Peru enforces property rights and interests.  Mortgages and liens exist, and the recording system is reliable, performed by SUNARP, the National Superintendency of Public Records. Foreigners and/or non-resident investors cannot own land within 50 km of a border.

Peru is listed on the Watch List in the United States Trade Representative’s (USTR’s) 2021 Special 301 Report. According to the report, Peru has yet to fully address several of the most important and longstanding recommendations from previous Watch List appearances, including fulfilling its intellectual property (IP) obligations under the United States-Peru Trade Promotion Agreement (PTPA), namely Articles 16.11.8 and 16.11.29(b)(ix) regarding statutory damages and Internet Service Provider (ISP) safe harbor protections, respectively.

Nevertheless, the Government of Peru has increased its enforcement activity over the past five years and generally offers strong regulatory intellectual property rights (IPR) protections. Peru’s legal framework provides for easy registration of trademarks, and inventors have been able to patent their inventions since 1994. Peruvian law does not provide pipeline protection for patents or protection from parallel imports. Peru’s Copyright Law is generally consistent with the WTO Agreement on Trade-Related Aspects of Intellectual Property (TRIPS), and it provides the same protections for U.S. companies as Peruvian companies in all IPR categories under the PTPA and other international commitments such as the World Intellectual Property Organization (WIPO) and the World Trade Organization Agreement on Trade-Related Aspects of Intellectual Property Rights (TRIPS).

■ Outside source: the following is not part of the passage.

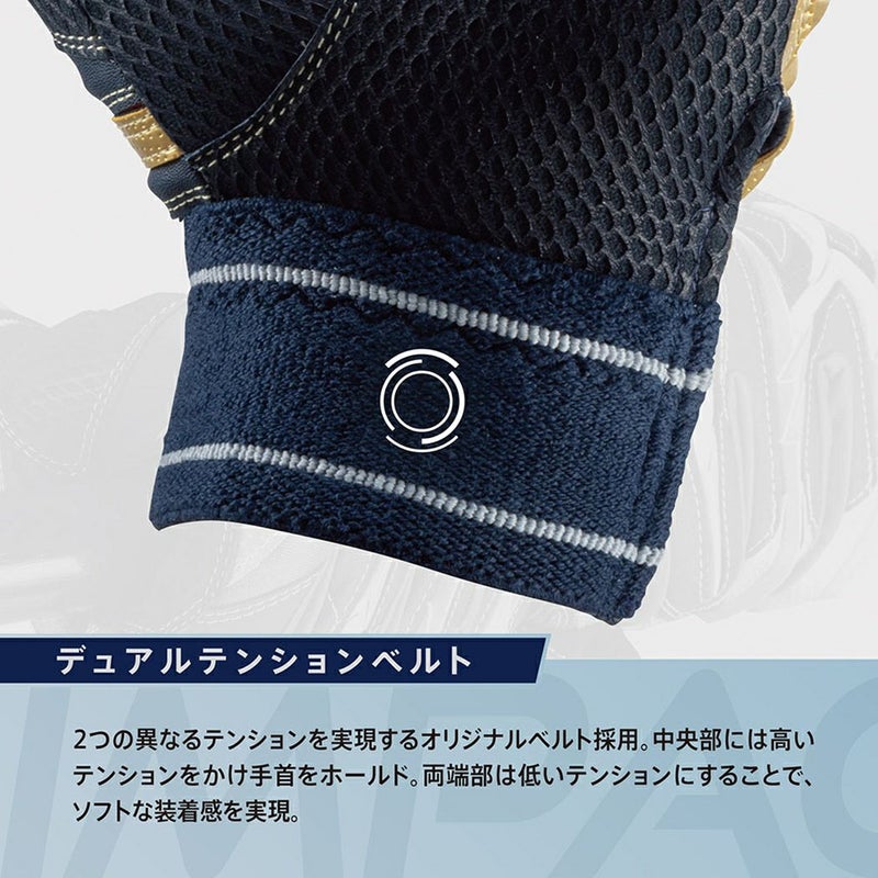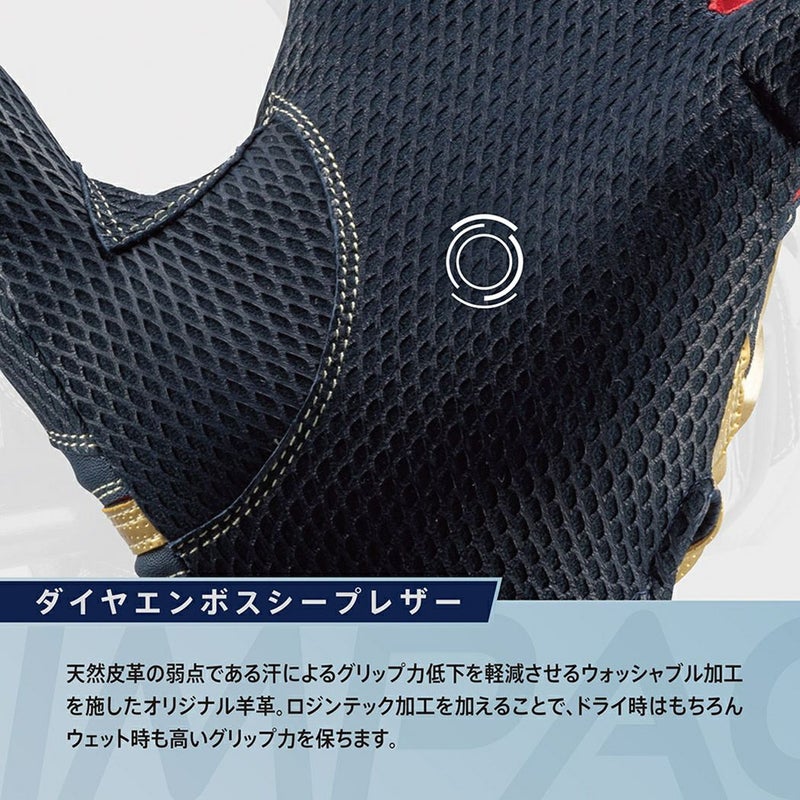 ミズノ独自の指先立体縫製により、指先との密着感が一段とアップ。指の力がスムーズにグリップへと伝わります。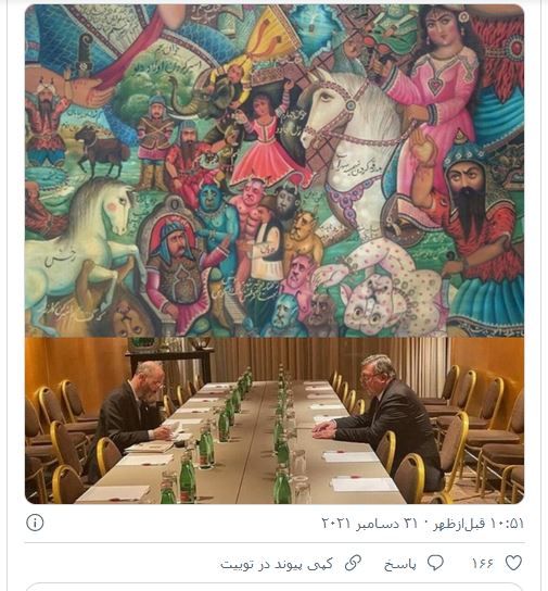 یکی از تصاویر منتشرشده از مذاکرات احیای برجام در وین میخائیل اولیانوف و راب مالی، نمایندگان روسیه و ایالات متحده، را نشان می‌دهد که در این‌باره به رایزنی مشغولند در حالی که جای نماینده ایران خالی است.

Peru’s intellectual property and competition authority INDECOPI is a reliable partner for the U.S. government, the private sector, and civil society, and it has made good faith efforts to decrease the trademark and patent registration backlog and filing time. Although INDECOPI is the GOP agency charged with promoting and defending intellectual property rights, IPR enforcement also involves other GOP agencies and offices, including: the Public Prosecutor’s Office (Fiscalía), the Peruvian National Police (PNP), the Tax and Customs Authority (SUNAT), the Ministry of Production (PRODUCE), the Judiciary, and the Ministry of Health’s (MINSA’s) Directorate General for Medicines (DIGEMID).

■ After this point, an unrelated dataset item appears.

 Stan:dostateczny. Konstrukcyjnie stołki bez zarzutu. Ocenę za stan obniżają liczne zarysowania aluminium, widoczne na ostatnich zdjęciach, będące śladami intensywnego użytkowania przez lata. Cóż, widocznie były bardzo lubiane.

In 2021, the GOP approved regulations for a System of Guaranteed Protections for Traditional Specialties (TSG) and Geographical Indications (GIs), which cover various food and food preparations, such as prepared dishes, beer, chocolate and derived products, pastry, bakery, and pastry products, drinks based on plant extracts, alcoholic beverages and/or cocktails, and cheese and dairy products. The GOP also published a Supreme Decree in 2021 regulating access to genetic resources and by-products, including rules on fair and equitable sharing of benefits in access contracts, as well as the obligation to file with INDECOPI the authorization or access contract in patents, industrial designs, plant breeder’s certificates and other intellectual property applications that use genetic resources or by-products with Peruvian origin.

For additional information on Peru’s intellectual property regime, including national laws and points of contact, please see WIPO’s country profile for Peru at: https://www.wipo.int/directory/en/details.jsp?country_code=PE .

6. Financial Sector

Peru allows foreign portfolio investment and does not place restrictions on international transactions. The private sector has access to a variety of credit instruments. Peruvian mutual funds managed $8 billion in December 2021. Private pension funds managed a total of $33 billion in December 2021.

The Lima Stock Exchange (BVL) is a member of the Integrated Latin American Market, which includes stock markets from Pacific Alliance countries. As of July 2018, mutual funds registered in Pacific Alliance countries may trade in the Lima Stock Exchange.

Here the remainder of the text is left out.